Keeping it musical, These care-home album cover recreations are 🔥
I’m not sure it was possible to be online in the past week without seeing the Penguin Relationship Flow Chart which Kyoto Aquarium produced. For the full context, though, Nerdist has the best-sourced overview of the story that I’ve seen (including the fact that there’s actually 2 flow-charts, as Tokyo’s Sumida Aquarium has one too).
Running over people you don’t agree with is escalating as a meme, because it’s 2020, so of course it is. And, to refer back to today’s opening ramble, of course it’s a right-wing tactic: stupid, and cruel.
If you make time for one thing from this edition of the Chronicle, please let it be Isabel Wilkerson’s startling, eye-opening meditation on the concept of caste as the root of our toxic racial hierarchies.
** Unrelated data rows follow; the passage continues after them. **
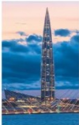
Садница „Гастромџофна“ у Санкт Петербургу

Током прве фазе радова кинеска компанија „Шандонг“ изградиће 83 километра до 2029. године, а у другој, која ће бити завршена до 2035, још 42 километра, истакао је председник Србије
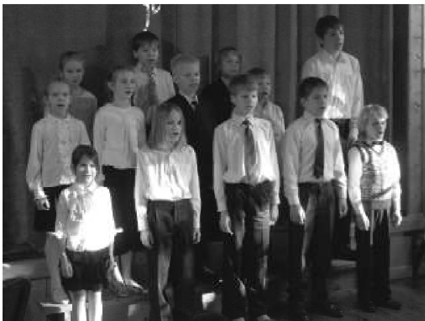
Neeme Algkooli õpilased
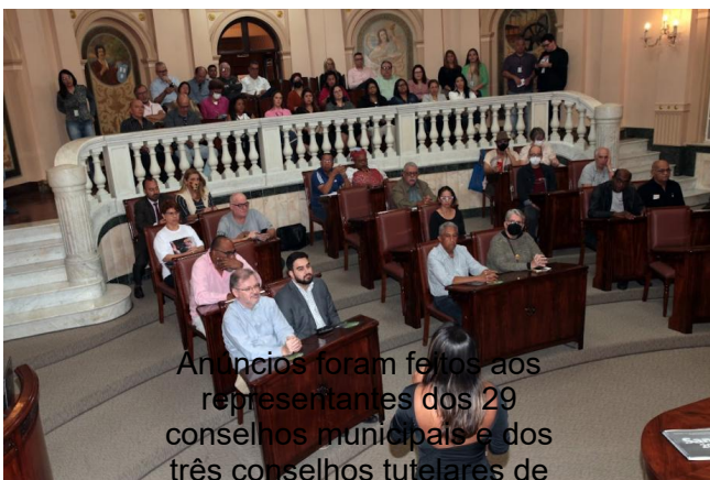
Anúncios foram feitos aos representantes dos 29 conselhos municipais e dos três conselhos tutelares de Santos.
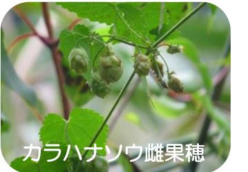
カラハナソウ雌果穂
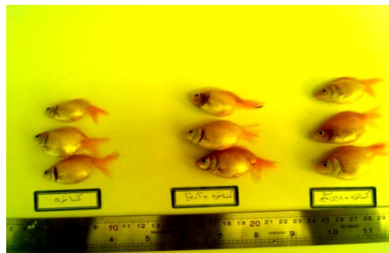
شکل ۱: ظاهر ماهیان آزمایش شده در تیمارهای مختلف از نظر میزان رشد در پایان دوره آزمایش

*حروف غیریکسان در یک بازه آزمون نشان دهنده اختلاف معنی دار تیمارها می باشد (P<۰/۰۵)
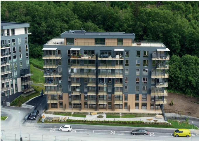
Leilighetene har store glassflater mot vest.
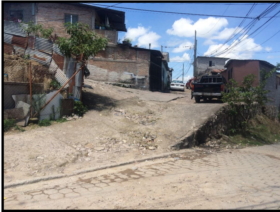
VISTA DEL INICIO DE LA CALLE A PAVIMENTAR
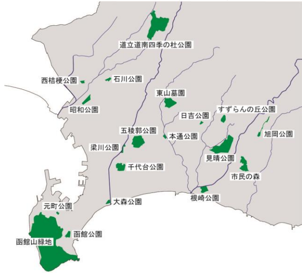
図3-27 主な都市公園位置
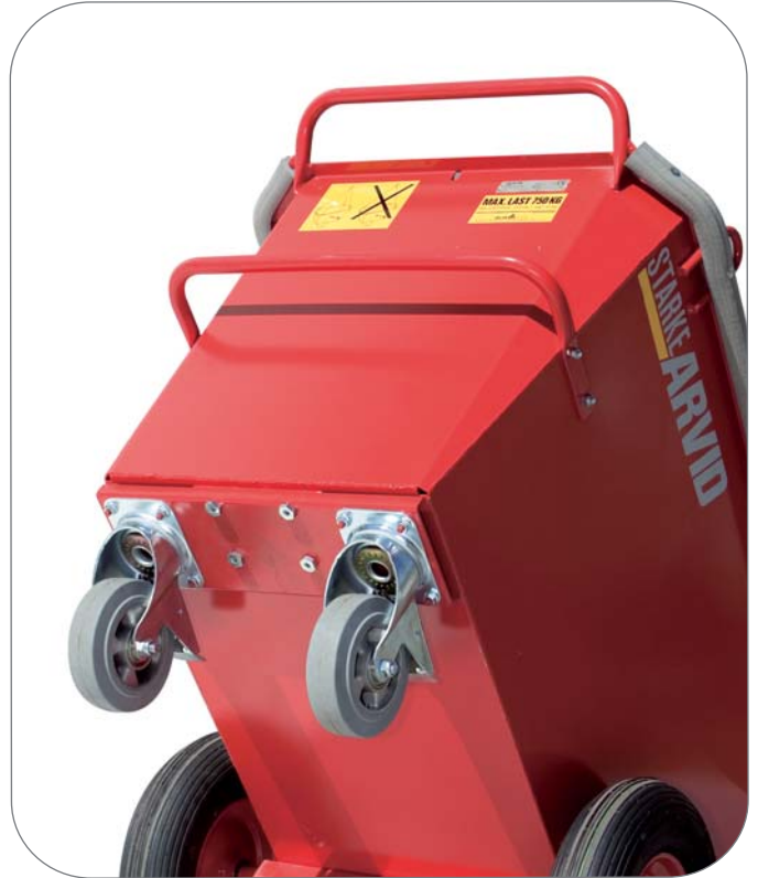
Kahdet vaunupyörät Kahdet kahvat
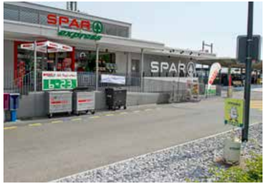
Spar Express, Seestrasse 117, 2015.

kochen Volg, Spar und die Avec-Läden der Valora Gruppe. Sie finden sich vor allem in ländlichen Gegenden und in der Umgebung von Verkehrsknoten wie zum Beispiel an Bahnhöfen. In Horgen findet sich aus dieser erweiterten Gruppe der Supermärkte nur der 2013 eröffnete Spar Express beim Bahnhof.
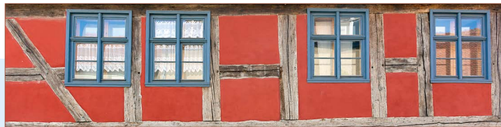
Oud vakwerkhuis in Brandenburg
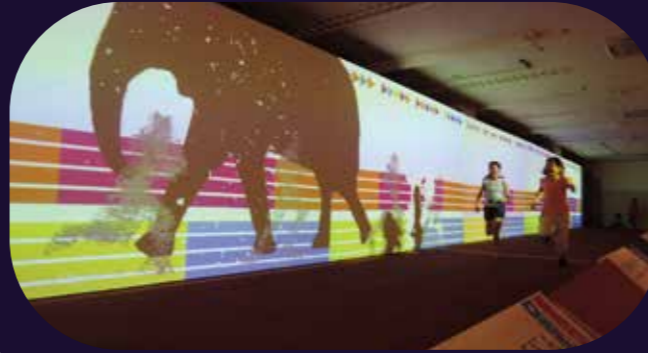
スポーツタイムマシン山口より(2013年)

観覧料(入園料に含む) 一般:320(250)円/高大生:210(160)円/小中生:150(120)円/幼児以下無料 ※( )内は20人以上の団体料金 ※鹿児島県内の70歳以上は無料(確認書類が必要) ※鹿児島県内の小中高生は土・日・祝日無料(確認書類が必要)
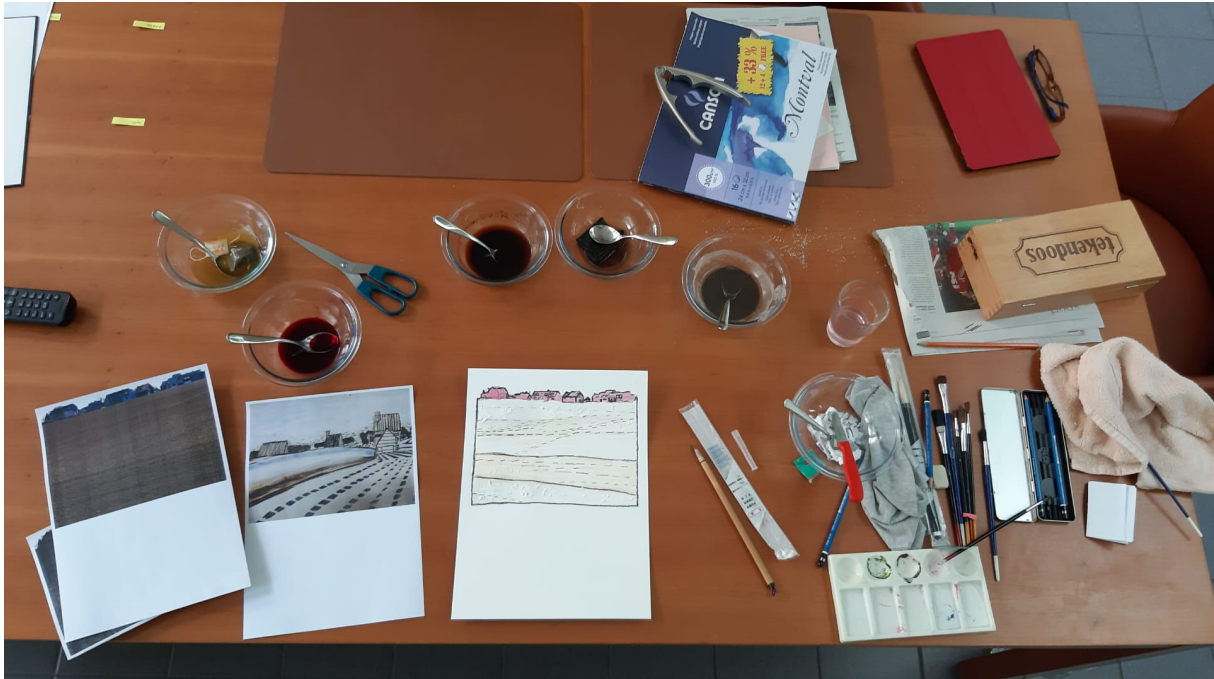
Werktafel van Kristin thuis

Hierbij een foto van een Vlaams landschap - regio Brussel –
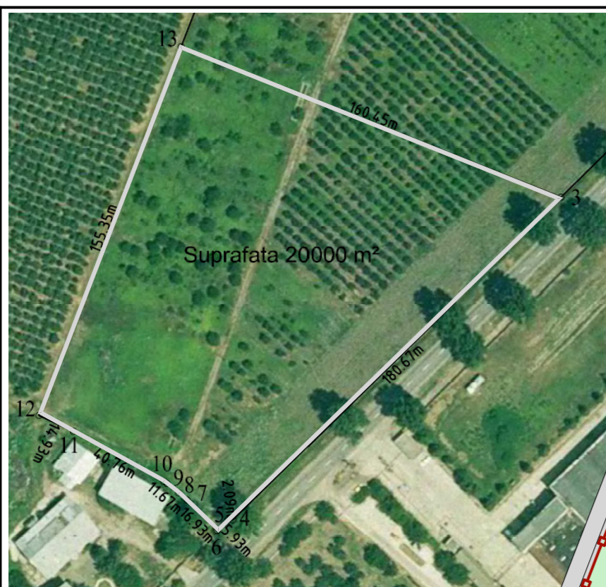
ORTHO POTO PLAN
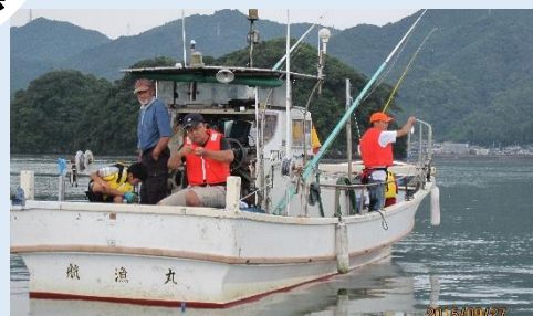
浦戸湾海洋調査ニロギ釣り

域外からの参加者を招くことにより、より多くの企画が出来他地域との交流も生まれた。イベントを通じた人との繋がりが次世代の人材育成や、防災力の向上に繋がった。

It explains most of why 2020 in the US is a waking nightmare, and why problems with racism have been so difficult to resolve.
And if that’s left you feeling a little sad (because you’re not a goddamned monster), there’s something melancholy-yet-soothing about Felicia Chiao’s beautiful illustrations on the theme of mental health.
Alright, palate cleansed, we’re back yet again on-board the nostalgia train, barreling towards The Far Side, which Gary Larson quit doing 25 years(!) ago. But now he’s very tentatively, kind of, back! Or, rather, he’s been tinkering with digital illustration tools, and put a few of the results online. Two of the 3 works shared are reminiscent, to me, of the “half baked” sketches which Larson shared in The PreHistory of the Far Side – not really cartoons, quite; more ideas. But the middle cartoon, “Probe and release“, really captures the essence of what I loved about The Far Side as a kid–twisted, weird, kinda cheesy, a bit gross…
I didn’t know much about the history of Charles II’s post-restoration manhunt for the judges who voted to behead his dad, but it’s a fascinating early overlap in the histories of the UK and the US.
Lastly this week, but by no means least, OMG, In-N-Out burger sell drink cup shoes!